Extracted information
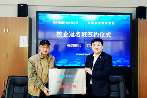在欢快热烈的氛围中,双方共同签署了《“迅超冠名班”校企合作协议》,江国华与祁祺共同为“迅超冠名班”揭牌,开启了校企合作的新篇章。
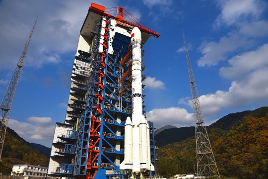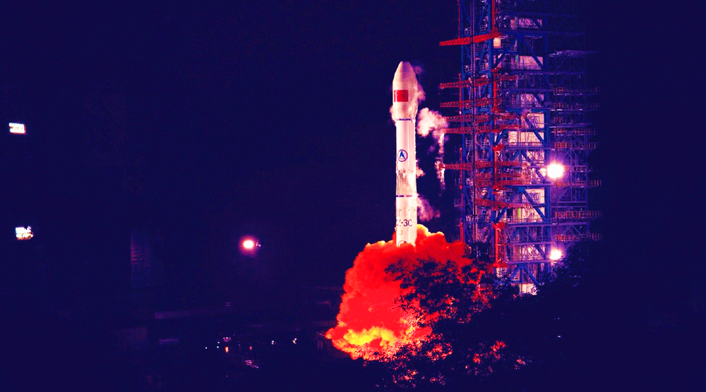 圖為本次任務中長三乙火箭托舉天鏈二號02星劍指蒼穹。
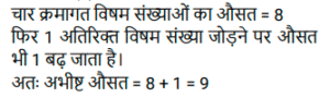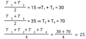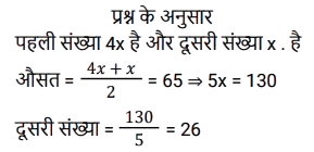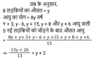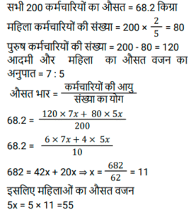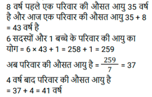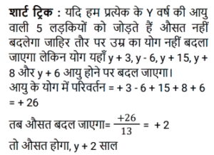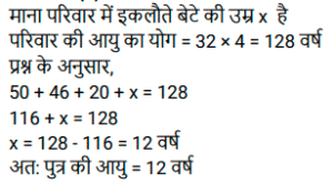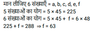 औसत (SSC) (Part-V)Total Questions: 5041. एक परिवार में चार लोग हैं। इन चारों सदस्यों की औसत आयु 32 वर्ष है। पिता की उम्र 50 वर्ष, मां की 46 वर्ष और बेटी की उम्र 20 वर्ष है। परिवार में इकलौते पुत्र की आयु (वर्ष) ज्ञात कीजिए। [SSC MTS 07/07/2022 (Evening)](a) 18(b) 16(c) 14(d) 12Correct Answer: (d) 12Solution:42. चार क्रमागत विषम संख्याओं का औसत 8 है। यदि इसमें अगली विषम संख्या को भी शामिल कर लिया जाए, तो इन पांच संख्याओं का नया औसत क्या होगा? [SSC MTS 08/07/2022 (Morning)](a) 9(b) 7(c) 10(d) 11Correct Answer: (a) 9Solution:43. रवि 5 पेन प्रति ₹150 में 2 पेंसिल प्रति ₹100 में और 3 नोटबुक प्रति ₹250 में खरीदता है। रवि द्वारा प्रति वस्तु का औसत व्यय कितना है ? [SSC MTS 08/07/2022 (Afternoon)](a) ₹180(b) ₹160(c) ₹170(d) ₹165Correct Answer: (c) ₹170Solution:44. एक कार्यालय में सभी 200 कर्मचारियों का औसत वजन 68.2 kg है जहां 2/5 कर्मचारी महिलाएं हैं और एक पुरुष और एक महिला के औसत वजन का अनुपात 7: 5 है। सभी महिला कर्मचारियों का औसत भार ज्ञात कीजिए। [SSC MTS 08/07/2022 (Evening)](a) 60 kg(b) 54 kg(c) 55 kg(d) 59 kgCorrect Answer: (c) 55 kgSolution:45. आठ लड़कियों की औसत आयु Y वर्ष है। 5 नई लड़कियां जिनकी आयु y + 3, y - 6 y + 15, y + 8 और y + 6 है कक्षा में शामिल होती हैं। तो कक्षा की नई औसत आयु (वर्ष) क्या है? [SSC MTS 11/07/2022 (Morning)](a) (y + 2)(b) (y + 6)(c) (y + 3)(d) (y + 1)Correct Answer: (a) (y + 2)Solution:46. दो संख्याएँ इस प्रकार हैं कि पहली संख्या दूसरी संख्या की चार गुनी है। यदि उनका औसत 65 है, तो दूसरी संख्या क्या है? [SSC MTS 12/07/2022 (Morning)](a) 26(b) 14(c) 24(d) 28Correct Answer: (a) 26Solution:47. 8 वर्ष पहले, राहुल के 6 सदस्यों वाले परिवार की औसत आयु 35 वर्ष थी। एक वर्ष पहले इस परिवार में एक नए बच्चे का जन्म हुआ था। चार वर्ष बाद परिवार की औसत आयु क्या होगी? [SSC MTS 12/07/2022 (Afternoon)](a) 41 वर्ष(b) 37 वर्ष(c) 40 वर्ष(d) 43 वर्षCorrect Answer: (a) 41 वर्षSolution:48. परीक्षा में तीन छात्रों द्वारा प्राप्त औसत अंक x है। यदि एक नए छात्र के अंकों को भी शामिल किया जाता है, तो औसत अंक 2 बढ़ जाते हैं। नए छात्र ने परीक्षा में कितने अंक प्राप्त किए हैं? [SSC MTS 13/07/2022 (Morning)](a) x + 4(b) x + 6(c) x + 8(d) x + 2Correct Answer: (c) x + 8Solution:49. T₁ और T₂ का औसत 15 है। T₃ और T₄ का औसत 35 है। T₁, T₂, T₃ और T₄ का औसत क्या है? [SSC MTS 13/07/2022 (Afternoon)](a) 24(b) 30(c) 28(d) 25Correct Answer: (d) 25Solution:50. पाँच संख्याओं का माध्य 45 है। यदि एक छठी संख्या भी शामिल कर ली जाए तो माध्य 48 हो जाता है। छठी संख्या ज्ञात कीजिए। [SSC MTS 13/07/2022 (Afternoon)](a) 73(b) 63(c) 43(d) 53Correct Answer: (b) 63Solution:Submit Quiz« Previous12345
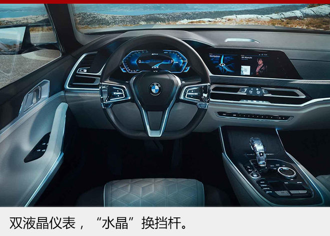 未来将作为旗舰SUV推出的全新宝马X7插电混动概念车在内饰的设计上自然不会“普通”。多功能方向盘多处采用镂空设计以及镀铬装饰,正前方两块12.3英寸全液晶显示仪表,突出该车尊贵的身份。另外,全新宝马X7插电混动中控台的设计,终于脱离宝马家族化设计风格,大面积触控按钮的采用,科技感瞬间提升。
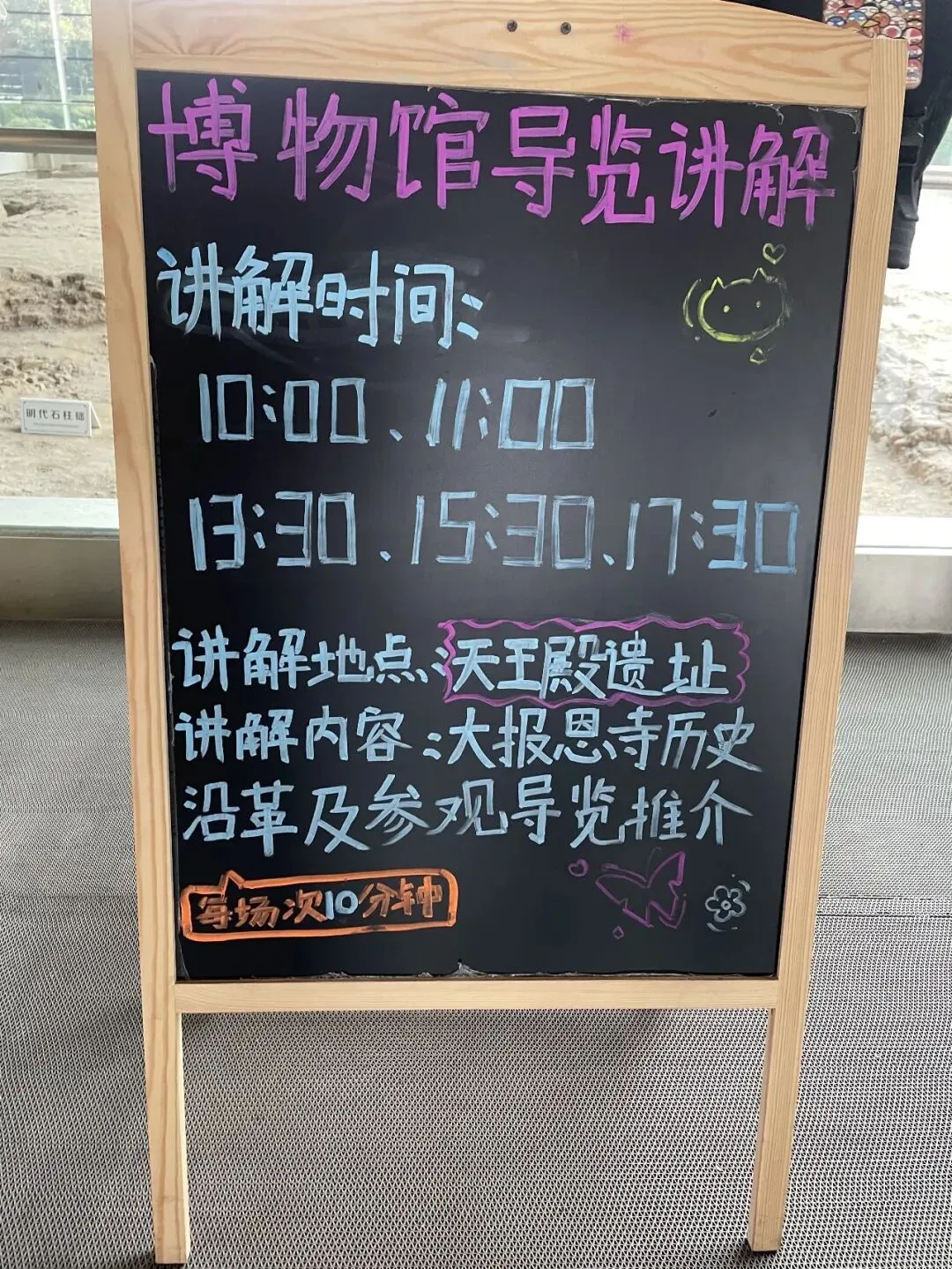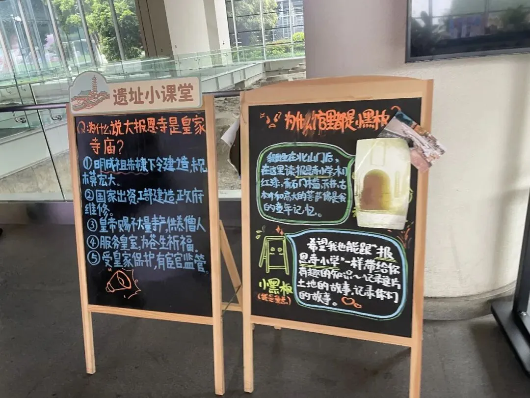 在几个遗址的介绍区,有几块小黑板写着小贴士,用很可爱的字体,直白地讲述遗址背后的故事。
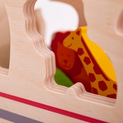 Ce jouet en bois coloré contient des animaux reconnaissables qui peuvent être chargés sur le camion à l'aide des ouvertures spéciales sur le toit et les côtés du véhicule. Les enfants peuvent trier les formes et apprendre sur les différents animaux, puis insérer chaque animal dans la bonne ouverture. Une fois que tous les animaux sont à leur place, les portes arrière du camion se ferment et ils peuvent partir pour une nouvelle aventure.
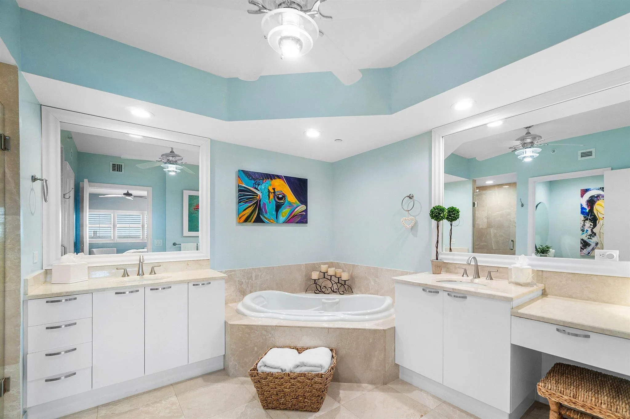 Stunning 2BR / 2.5 BA condo, impeccably updated & maintained! Remodeled kitchen w large slab granite counters & backsplash, custom cabinetry. Luxury vinyl floors throughout, private ensuite baths. His & her walk-in closets. Primary bath has jetted bath, frameless shower, double vanities, & water closet. Split floor plan, semi-private fob elevator access. Furniture negotiable. NEWLY RENOVATED rooftop oasis w/pool, spa, BBQ areas, tennis, pickleball, bocce. Clubhouse, billiard room & fitness center. 24 hr manned gate, temperature controlled storage, walk to Publix. Adjacent marina w/dry docks available, be on the ocean in minutes; no fixed bridges! Pet friendly.
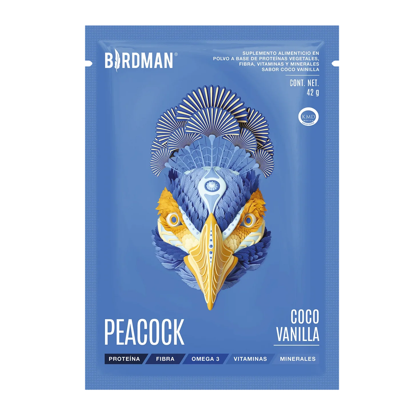 Con Peacock buscamos aportar los macronutrientes típicos de una dieta alta en proteína y los micronutrientes que te ayudarán a complementar tu alimentación para llevar una dieta saludable. Peacock aporta especialmente aquellos nutrientes que tienden a hacer falta en personas que siguen una dieta basada en plantas como Vitamina B-12, Vitamina D y ácidos grasos Omegas 3 y 6. Contiene proteína vegetal con un perfil de aminoácidos completo, verdes/vegetales, fibra, vitaminas, minerales y enzimas. Peacock es un suplemento que ofrece lo mejor del reino vegetal. Disponible en delicioso sabor chocolate y coco-vanilla.

What you need to do
Could you repeat the listing above exactly, omitting its pictures?

Output
在欢快热烈的氛围中,双方共同签署了《“迅超冠名班”校企合作协议》,江国华与祁祺共同为“迅超冠名班”揭牌,开启了校企合作的新篇章。
 圖為本次任務中長三乙火箭托舉天鏈二號02星劍指蒼穹。
 औसत (SSC) (Part-V)Total Questions: 5041. एक परिवार में चार लोग हैं। इन चारों सदस्यों की औसत आयु 32 वर्ष है। पिता की उम्र 50 वर्ष, मां की 46 वर्ष और बेटी की उम्र 20 वर्ष है। परिवार में इकलौते पुत्र की आयु (वर्ष) ज्ञात कीजिए। [SSC MTS 07/07/2022 (Evening)](a) 18(b) 16(c) 14(d) 12Correct Answer: (d) 12Solution:42. चार क्रमागत विषम संख्याओं का औसत 8 है। यदि इसमें अगली विषम संख्या को भी शामिल कर लिया जाए, तो इन पांच संख्याओं का नया औसत क्या होगा? [SSC MTS 08/07/2022 (Morning)](a) 9(b) 7(c) 10(d) 11Correct Answer: (a) 9Solution:43. रवि 5 पेन प्रति ₹150 में 2 पेंसिल प्रति ₹100 में और 3 नोटबुक प्रति ₹250 में खरीदता है। रवि द्वारा प्रति वस्तु का औसत व्यय कितना है ? [SSC MTS 08/07/2022 (Afternoon)](a) ₹180(b) ₹160(c) ₹170(d) ₹165Correct Answer: (c) ₹170Solution:44. एक कार्यालय में सभी 200 कर्मचारियों का औसत वजन 68.2 kg है जहां 2/5 कर्मचारी महिलाएं हैं और एक पुरुष और एक महिला के औसत वजन का अनुपात 7: 5 है। सभी महिला कर्मचारियों का औसत भार ज्ञात कीजिए। [SSC MTS 08/07/2022 (Evening)](a) 60 kg(b) 54 kg(c) 55 kg(d) 59 kgCorrect Answer: (c) 55 kgSolution:45. आठ लड़कियों की औसत आयु Y वर्ष है। 5 नई लड़कियां जिनकी आयु y + 3, y - 6 y + 15, y + 8 और y + 6 है कक्षा में शामिल होती हैं। तो कक्षा की नई औसत आयु (वर्ष) क्या है? [SSC MTS 11/07/2022 (Morning)](a) (y + 2)(b) (y + 6)(c) (y + 3)(d) (y + 1)Correct Answer: (a) (y + 2)Solution:46. दो संख्याएँ इस प्रकार हैं कि पहली संख्या दूसरी संख्या की चार गुनी है। यदि उनका औसत 65 है, तो दूसरी संख्या क्या है? [SSC MTS 12/07/2022 (Morning)](a) 26(b) 14(c) 24(d) 28Correct Answer: (a) 26Solution:47. 8 वर्ष पहले, राहुल के 6 सदस्यों वाले परिवार की औसत आयु 35 वर्ष थी। एक वर्ष पहले इस परिवार में एक नए बच्चे का जन्म हुआ था। चार वर्ष बाद परिवार की औसत आयु क्या होगी? [SSC MTS 12/07/2022 (Afternoon)](a) 41 वर्ष(b) 37 वर्ष(c) 40 वर्ष(d) 43 वर्षCorrect Answer: (a) 41 वर्षSolution:48. परीक्षा में तीन छात्रों द्वारा प्राप्त औसत अंक x है। यदि एक नए छात्र के अंकों को भी शामिल किया जाता है, तो औसत अंक 2 बढ़ जाते हैं। नए छात्र ने परीक्षा में कितने अंक प्राप्त किए हैं? [SSC MTS 13/07/2022 (Morning)](a) x + 4(b) x + 6(c) x + 8(d) x + 2Correct Answer: (c) x + 8Solution:49. T₁ और T₂ का औसत 15 है। T₃ और T₄ का औसत 35 है। T₁, T₂, T₃ और T₄ का औसत क्या है? [SSC MTS 13/07/2022 (Afternoon)](a) 24(b) 30(c) 28(d) 25Correct Answer: (d) 25Solution:50. पाँच संख्याओं का माध्य 45 है। यदि एक छठी संख्या भी शामिल कर ली जाए तो माध्य 48 हो जाता है। छठी संख्या ज्ञात कीजिए। [SSC MTS 13/07/2022 (Afternoon)](a) 73(b) 63(c) 43(d) 53Correct Answer: (b) 63Solution:Submit Quiz« Previous12345
 未来将作为旗舰SUV推出的全新宝马X7插电混动概念车在内饰的设计上自然不会“普通”。多功能方向盘多处采用镂空设计以及镀铬装饰,正前方两块12.3英寸全液晶显示仪表,突出该车尊贵的身份。另外,全新宝马X7插电混动中控台的设计,终于脱离宝马家族化设计风格,大面积触控按钮的采用,科技感瞬间提升。
 在几个遗址的介绍区,有几块小黑板写着小贴士,用很可爱的字体,直白地讲述遗址背后的故事。
 Ce jouet en bois coloré contient des animaux reconnaissables qui peuvent être chargés sur le camion à l'aide des ouvertures spéciales sur le toit et les côtés du véhicule. Les enfants peuvent trier les formes et apprendre sur les différents animaux, puis insérer chaque animal dans la bonne ouverture. Une fois que tous les animaux sont à leur place, les portes arrière du camion se ferment et ils peuvent partir pour une nouvelle aventure.
 Stunning 2BR / 2.5 BA condo, impeccably updated & maintained! Remodeled kitchen w large slab granite counters & backsplash, custom cabinetry. Luxury vinyl floors throughout, private ensuite baths. His & her walk-in closets. Primary bath has jetted bath, frameless shower, double vanities, & water closet. Split floor plan, semi-private fob elevator access. Furniture negotiable. NEWLY RENOVATED rooftop oasis w/pool, spa, BBQ areas, tennis, pickleball, bocce. Clubhouse, billiard room & fitness center. 24 hr manned gate, temperature controlled storage, walk to Publix. Adjacent marina w/dry docks available, be on the ocean in minutes; no fixed bridges! Pet friendly.
 Con Peacock buscamos aportar los macronutrientes típicos de una dieta alta en proteína y los micronutrientes que te ayudarán a complementar tu alimentación para llevar una dieta saludable. Peacock aporta especialmente aquellos nutrientes que tienden a hacer falta en personas que siguen una dieta basada en plantas como Vitamina B-12, Vitamina D y ácidos grasos Omegas 3 y 6. Contiene proteína vegetal con un perfil de aminoácidos completo, verdes/vegetales, fibra, vitaminas, minerales y enzimas. Peacock es un suplemento que ofrece lo mejor del reino vegetal. Disponible en delicioso sabor chocolate y coco-vanilla.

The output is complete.